I’m working in a model with multiple inputs in order to get an global anomaly output. Don’t based in a specific input field but the set.

I understand, as Matt says: "Anomaly output is for the entire input. "

My encoders are as follow:

"encoders": {
    "timestamp_timeOfDay": null,
    "timestamp_dayOfWeek": null,
    "timestamp_weekend": null,

    "req301": { "name": "req301", "fieldname": "req301", "resolution": 0.01, "type": "RandomDistributedScalarEncoder" },
    "delta301": { "name": "delta301",  "fieldname": "req301",  "clipInput": true,  "forced": true,  "w": 21, "n": 100, "type": "DeltaEncoder"  },

    "req302": { "name": "req302", "fieldname": "req302", "w": 21, "resolution": 0.01, "type": "RandomDistributedScalarEncoder" },
    "delta302": { "name": "delta302",  "fieldname": "req302",  "clipInput": true,  "forced": true,  "w": 21, "n": 100, "type": "DeltaEncoder"  },

    "req303": { "name": "req303", "fieldname": "req303", "w": 21, "resolution": 0.01, "type": "RandomDistributedScalarEncoder" },
    "delta303": { "name": "delta303",  "fieldname": "req303",  "clipInput": true,  "forced": true,  "w": 21, "n": 100, "type": "DeltaEncoder"  },

    "req304": { "name": "req304", "fieldname": "req304", "w": 21, "resolution": 0.01, "type": "RandomDistributedScalarEncoder" },
    "delta304": { "name": "delta304",  "fieldname": "req304",  "clipInput": true,  "forced": true,  "w": 21, "n": 100, "type": "DeltaEncoder"  },

    "req305": { "name": "req305", "fieldname": "req305", "w": 21, "resolution": 0.01, "type": "RandomDistributedScalarEncoder" },
    "delta305": { "name": "delta305",  "fieldname": "req305",  "clipInput": true,  "forced": true,  "w": 21, "n": 100, "type": "DeltaEncoder"  },

    "req309": { "name": "req309", "fieldname": "req309", "w": 21, "resolution": 0.01, "type": "RandomDistributedScalarEncoder" },
    "delta309": { "name": "delta309",  "fieldname": "req309",  "clipInput": true,  "forced": true,  "w": 21, "n": 100, "type": "DeltaEncoder"  },

    "req310": { "name": "req310", "fieldname": "req310",  "w": 21, "resolution": 0.01, "type": "RandomDistributedScalarEncoder" },
    "delta310": { "name": "delta310",  "fieldname": "req310",  "clipInput": true,  "forced": true,  "w": 21, "n": 100, "type": "DeltaEncoder"  }
},

But I’ve found that anomalyLikelihood depends of the predicted field.

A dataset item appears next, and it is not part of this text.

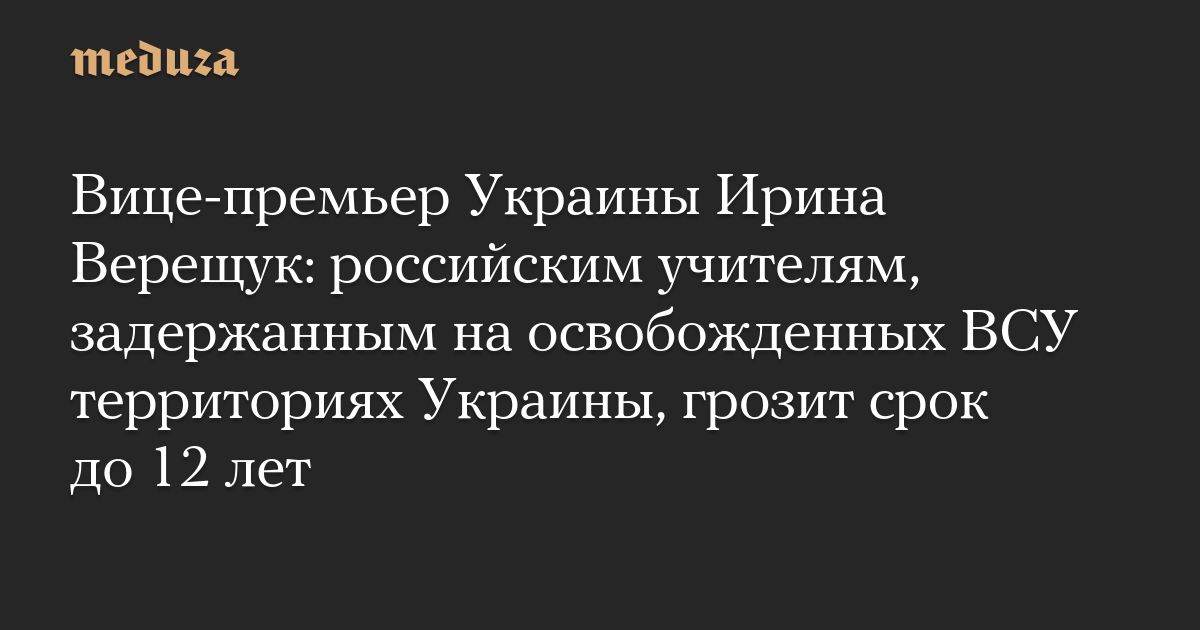 Вице-премьер Украины Ирина Верещук: российским учителям, задержанным на освобожденных ВСУ территориях Украины, грозит срок до 12 лет

I mean, if I run the model :

result = model.run({
    'timestamp': timestamp,
    'req301' : req301,
    'req302' : req302,
    'req303' : req303,
    'req304' : req304,
    'req305' : req305,
    'req309' : req309,
    'req310' : req310
})

anomalyLikelihood is diferent for theses cases:

model.enableInference({"predictedField": "req301"})

or

model.enableInference({"predictedField": "req310"})

Has it sense? Any idea what do I doing wrong? (It doesn’t look better adding an average field as predicted field).

Regards.

Juan

1 Like

I just want to second this question.

If you’re running NuPIC with the same 7 input fields and just changing which is the predicted field, that shouldn’t effect the anomaly score right?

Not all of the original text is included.